In a 2022 report from Polar Knowledge Canada, Inuit knowledge keepers from the Nunavut communities of Pangnirtung and Kimmirut shared how bear movements change without ice.
“When the sea ice is formed the bears are out on the ice more. When the ice is gone you cannot tell where the bears are,” said Joe Arlooktoo of Kimmirut in the report, noting it depends on where their prey is.
The new study was inspired in part by observations from Arctic communities, said Rode. Those observations prompted the scientists from USGS, Washington State University and Environment and Climate Change Canada (ECCC) to quantify those movements, in terms of energy and food intake.
The tracking only lasted about three weeks for each bear, during August and September of 2019, 2021 and 2022.
But the researchers also calculated what might come next: how long the bears could go on if they didn’t find more calories somewhere.
Some had the fat reserves to survive, but others, the numbers suggest, would approach starvation before the end of November. That’s when, on average over the previous decade, the sea ice reforms in western Hudson Bay.
Only one of the 20 bears, a young male polar bear, gained weight during the study.
While his video collar failed, blood tests showed the four-year-old scored the one high-fat food source polar bears might find on land: a large marine mammal carcass that washed up, likely a seal or beluga.
“Unless they can encounter something like that, we wouldn’t anticipate that the weight loss we saw would be any different during other parts of the year when they’re on land,” said Rode.
University of Alberta professor Andrew Derocher, who did not take part in this research but peer-reviewed the paper, has studied polar bears across the Arctic for more than 40 years, and first wrote about how climate change impacts polar bears three decades ago.
He says the new study takes an “elegant approach,” pulling together many types of data to confirm what ice-free periods mean for polar bears.
“There’s really very little indication that there’s enough food on land for polar bears to make a living,” said Derocher.
When he started work in Churchill in the 1980s, he says the bears were “fat and happy.”
On land, bears were killing birds, eating eggs, or foraging for plants, their teeth stained with blueberries.
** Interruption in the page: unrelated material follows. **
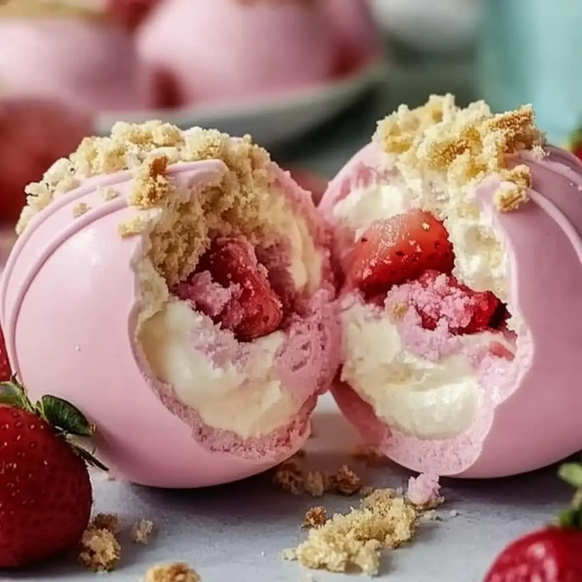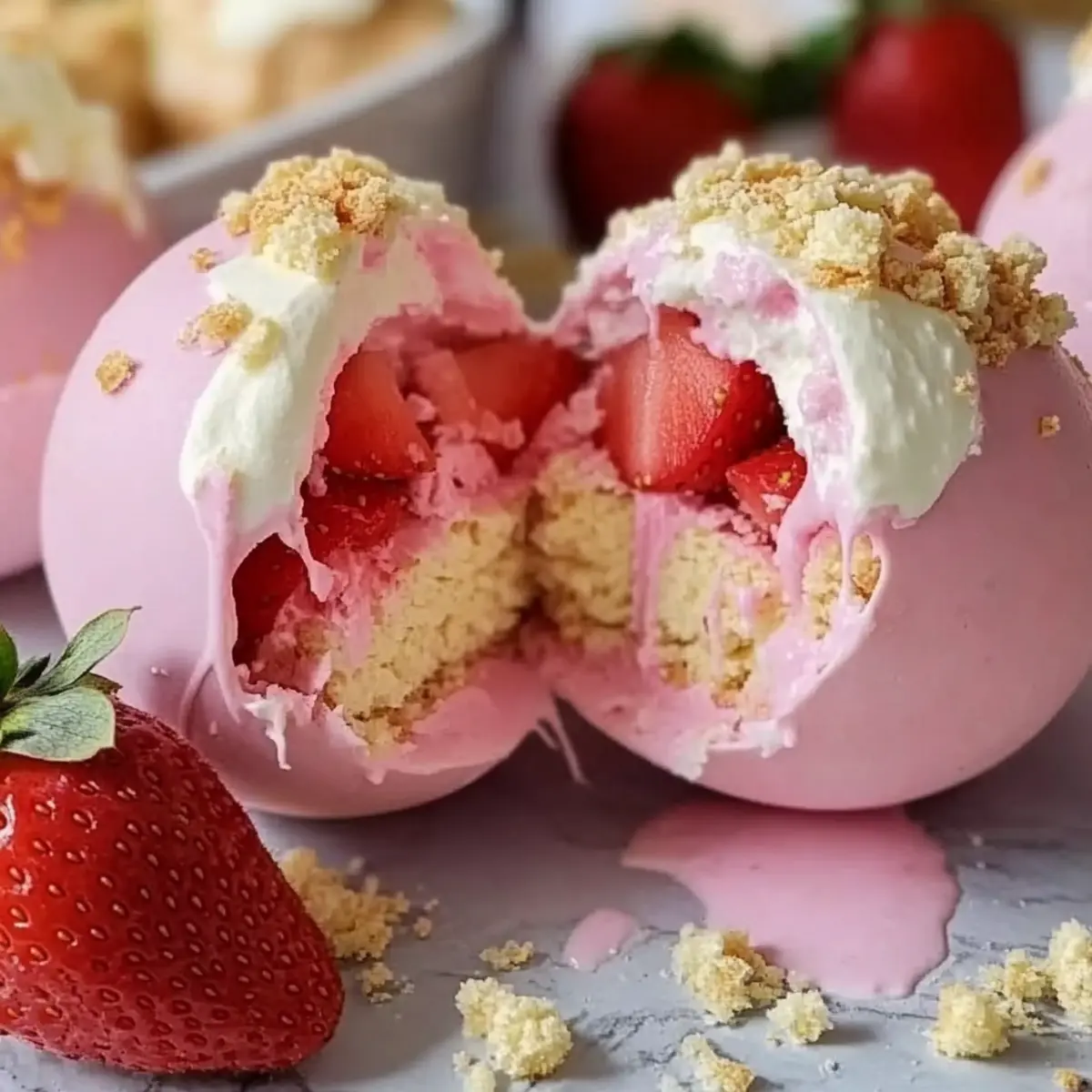 Textural Balance: Use a mix of soft cream and crunchy shortcake crumbs for a pleasing texture contrast inside the Strawberry Shortcake Easter Egg Bombs.

But they didn’t have to worry, he said, unlike some of the more vigorous, or perhaps desperate, foragers observed in the current study.
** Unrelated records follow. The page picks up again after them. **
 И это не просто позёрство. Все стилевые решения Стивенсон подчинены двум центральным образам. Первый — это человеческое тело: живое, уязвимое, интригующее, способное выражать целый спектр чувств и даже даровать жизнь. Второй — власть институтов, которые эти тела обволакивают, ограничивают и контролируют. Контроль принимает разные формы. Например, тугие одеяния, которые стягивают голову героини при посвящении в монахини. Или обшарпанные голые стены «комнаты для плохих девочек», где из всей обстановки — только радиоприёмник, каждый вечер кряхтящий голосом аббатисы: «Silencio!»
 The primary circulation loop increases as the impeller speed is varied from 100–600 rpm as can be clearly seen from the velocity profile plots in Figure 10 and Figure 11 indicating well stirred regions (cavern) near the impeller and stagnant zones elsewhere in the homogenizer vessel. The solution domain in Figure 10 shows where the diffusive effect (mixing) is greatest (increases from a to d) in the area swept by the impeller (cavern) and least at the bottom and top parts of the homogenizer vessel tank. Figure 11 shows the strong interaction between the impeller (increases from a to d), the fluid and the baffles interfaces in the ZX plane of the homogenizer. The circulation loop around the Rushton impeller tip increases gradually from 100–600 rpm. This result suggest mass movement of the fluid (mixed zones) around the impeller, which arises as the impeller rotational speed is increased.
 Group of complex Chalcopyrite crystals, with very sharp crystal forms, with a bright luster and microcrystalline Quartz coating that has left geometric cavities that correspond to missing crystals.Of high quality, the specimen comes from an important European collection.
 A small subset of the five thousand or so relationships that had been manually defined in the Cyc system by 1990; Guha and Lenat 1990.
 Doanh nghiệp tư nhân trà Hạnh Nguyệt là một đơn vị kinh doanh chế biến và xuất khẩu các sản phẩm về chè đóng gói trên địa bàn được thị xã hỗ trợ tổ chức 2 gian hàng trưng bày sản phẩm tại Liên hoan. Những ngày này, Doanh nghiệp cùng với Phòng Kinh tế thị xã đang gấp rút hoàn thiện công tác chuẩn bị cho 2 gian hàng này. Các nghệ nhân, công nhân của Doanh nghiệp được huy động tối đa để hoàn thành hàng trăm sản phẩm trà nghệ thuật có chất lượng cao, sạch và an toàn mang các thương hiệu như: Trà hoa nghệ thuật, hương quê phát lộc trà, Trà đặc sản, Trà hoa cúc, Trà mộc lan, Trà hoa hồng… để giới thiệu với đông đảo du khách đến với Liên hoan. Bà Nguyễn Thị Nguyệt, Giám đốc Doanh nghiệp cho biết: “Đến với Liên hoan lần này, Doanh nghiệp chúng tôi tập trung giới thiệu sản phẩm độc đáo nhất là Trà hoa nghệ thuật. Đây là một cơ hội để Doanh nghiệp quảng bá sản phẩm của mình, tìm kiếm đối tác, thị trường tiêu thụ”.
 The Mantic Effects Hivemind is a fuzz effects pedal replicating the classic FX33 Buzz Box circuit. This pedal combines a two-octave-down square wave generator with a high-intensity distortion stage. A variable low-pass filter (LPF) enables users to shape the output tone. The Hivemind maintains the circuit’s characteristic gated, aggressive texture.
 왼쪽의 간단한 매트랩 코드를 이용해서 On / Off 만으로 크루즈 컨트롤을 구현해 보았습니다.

“The bears are doing what they’ve always done,” said Derocher.
“What’s clear from this … new study, is that whatever bag of tricks they’ve had, and they’ve been using them for probably thousands and thousands of years, it’s not gonna be enough.”
Limits of adaptation
Polar bears are classified as a species of special concern by the Committee on the Status of Endangered Wildlife in Canada (COSEWIC), and as vulnerable by the International Union for Conservation of Nature (IUCN) — primarily due to loss of sea ice.
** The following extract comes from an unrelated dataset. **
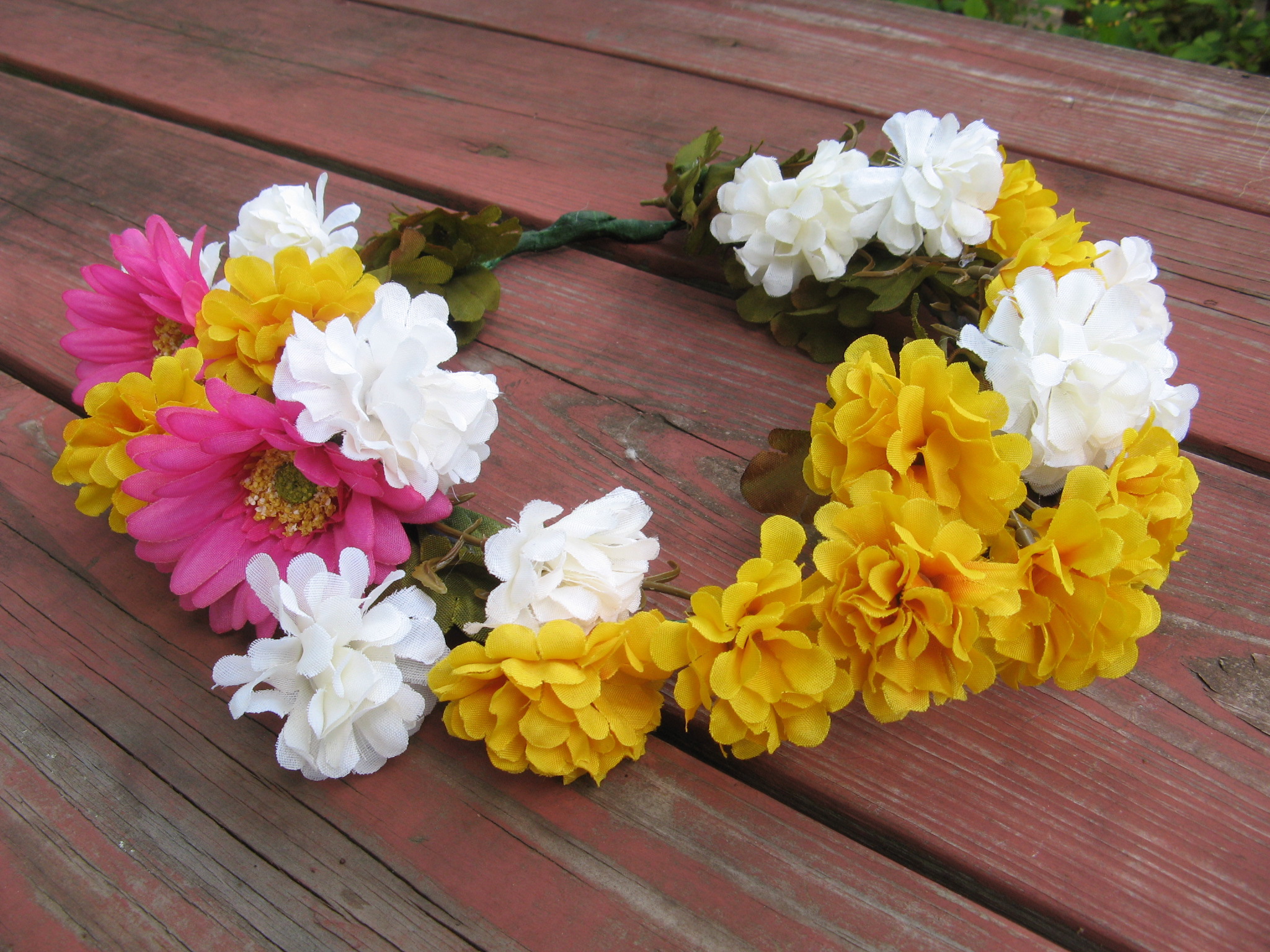 Next up… Flower Crowns. Last year I went to the Renaissance Faire in upstate New York – I had wanted to go for years. I truthfully had no idea what to expect, all I knew was that the description made it sound like fun, and it was. So much so that I went again this year. While there last year I was tempted to buy a flower crown, not sure what stopped me. Oh yeah, I know, the fact that I would never wear it. I won’t even put a hat on my head when it’s freezing cold outside! This year my friends daughters were coming along for the fun; although only the eldest one ended up going. So I decided to make them flower crowns to wear!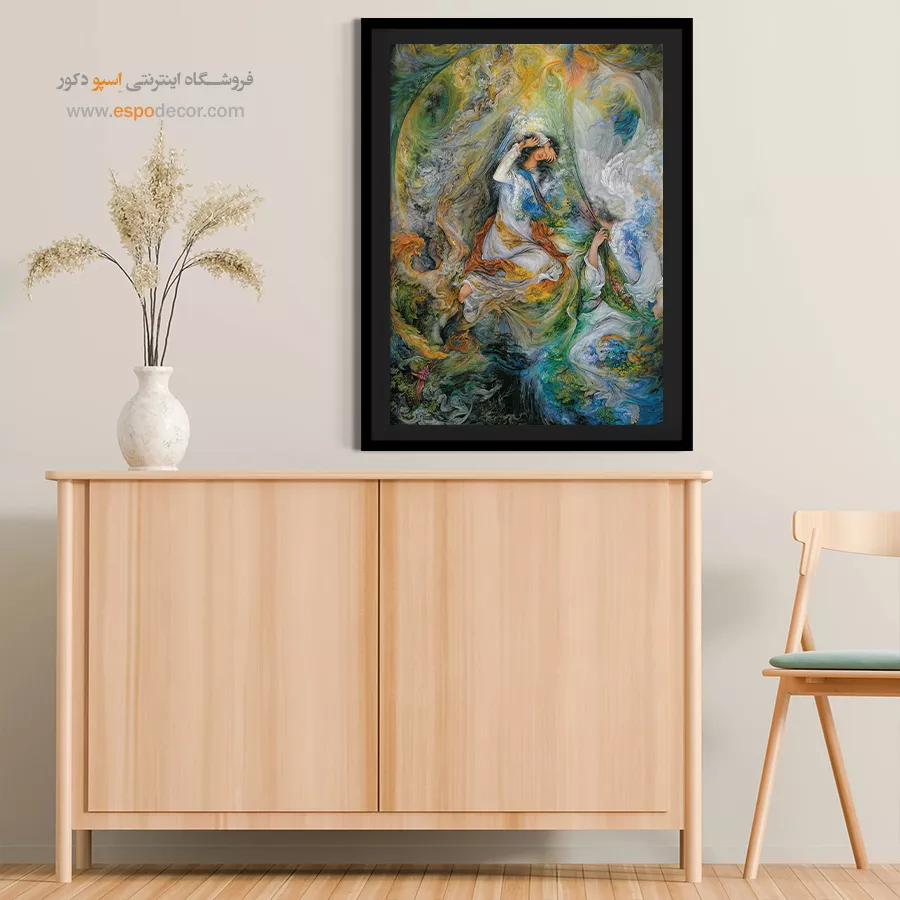 - ادامه طرح اصلی تا کنارههای بوم: ما در اسپو دکور از این روش استفاده میکنیم تا تابلو حالت منسجم و یکپارچه داشته باشد و از نمای کناری نیز جذاب دیده شود.

There are 19 recognized sub-populations of polar bears globally. While some have rebounded from hunting-related losses, there’s evidence two have already seen declines related to sea ice, according to the IUCN, including the western Hudson Bay group near Churchill.
“Another two to three decades of warming may be enough to push the population over the edge, where the rate of decline is accelerated and the population rapidly gets much smaller than it currently is,” said Derocher.
By mid-century, polar bears may not be able to survive as far south as Churchill, he said, a future also forecast in a 2012 review he co-authored with legendary polar bear researcher Ian Stirling.
Beyond cutting emissions to slow warming, Derocher says humans can help polar bears survive by limiting other types of mortality — like shooting problem bears. Some Arctic communities have followed the example of Churchill, Man., by securing garbage and using non-lethal tactics to keep bears away without killing them.
Further north, the prime hunting ground of sea ice will stick around longer, said Derocher, but it won’t be spared by climate change.
“Ultimately, the Arctic is warming in its totality and all populations are going to be affected by sea ice loss going forward in time.”